◆ Given data ◆
·····

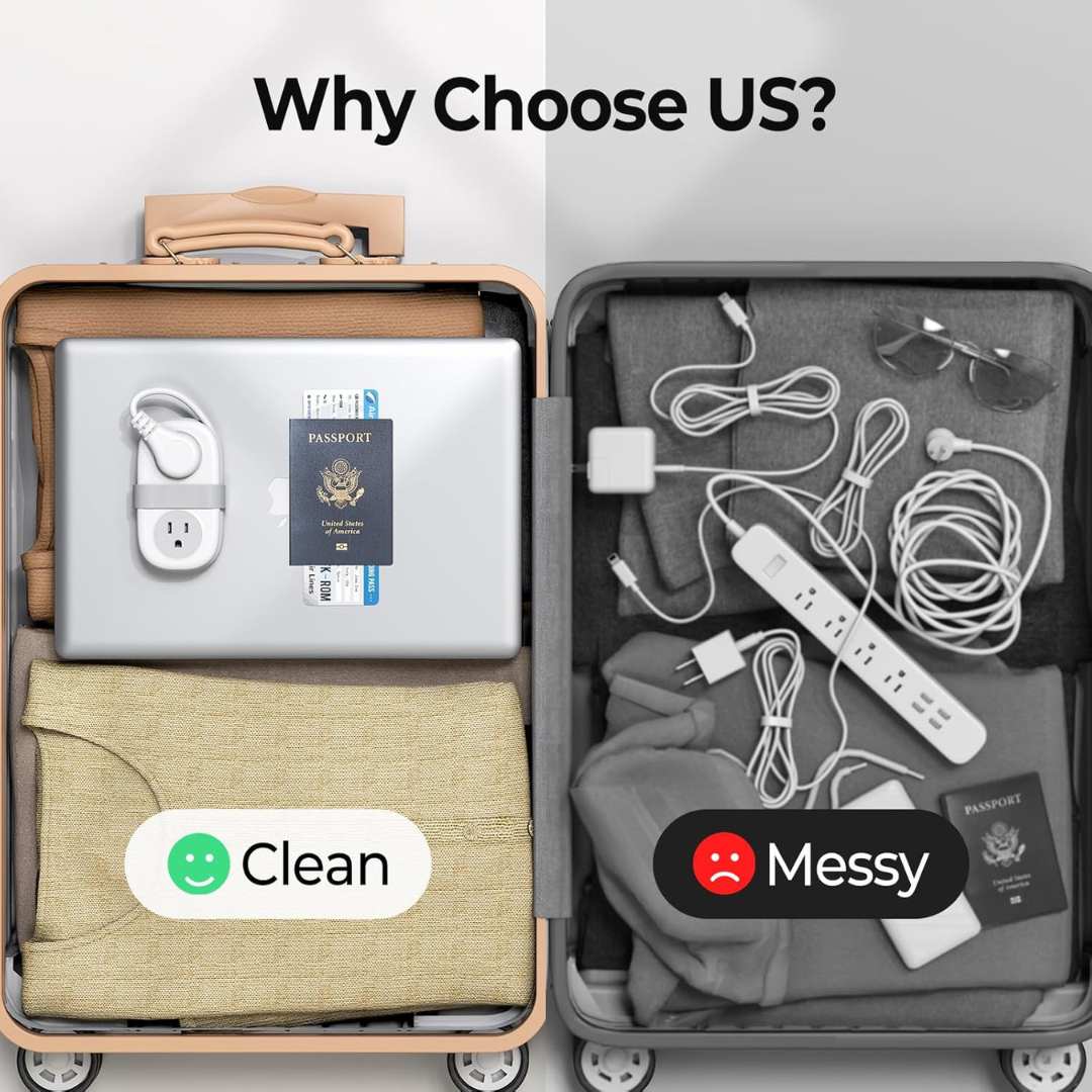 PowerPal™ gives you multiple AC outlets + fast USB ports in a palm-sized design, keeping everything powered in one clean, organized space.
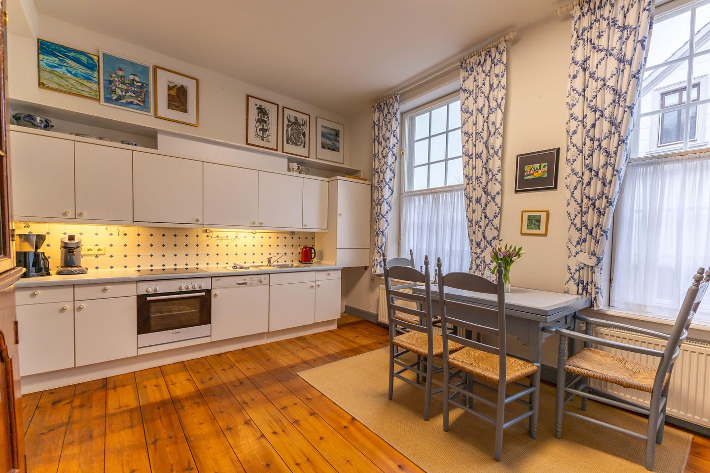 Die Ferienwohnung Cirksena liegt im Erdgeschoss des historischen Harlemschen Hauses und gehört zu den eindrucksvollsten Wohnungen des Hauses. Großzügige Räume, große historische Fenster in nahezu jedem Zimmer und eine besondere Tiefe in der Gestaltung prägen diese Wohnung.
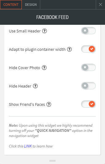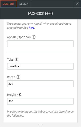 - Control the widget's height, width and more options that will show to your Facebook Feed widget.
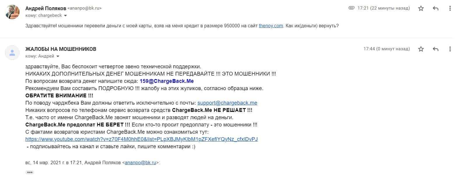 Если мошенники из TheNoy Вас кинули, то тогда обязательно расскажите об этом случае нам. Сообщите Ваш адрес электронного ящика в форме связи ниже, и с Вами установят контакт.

·····

◆ Your assignment ◆
All that is needed here is the run of lines from the one containing "- Control the" through the end of the material above, reproduced exactly and without pictures.

◆ Response area ◆
 - Control the widget's height, width and more options that will show to your Facebook Feed widget.
 Если мошенники из TheNoy Вас кинули, то тогда обязательно расскажите об этом случае нам. Сообщите Ваш адрес электронного ящика в форме связи ниже, и с Вами установят контакт.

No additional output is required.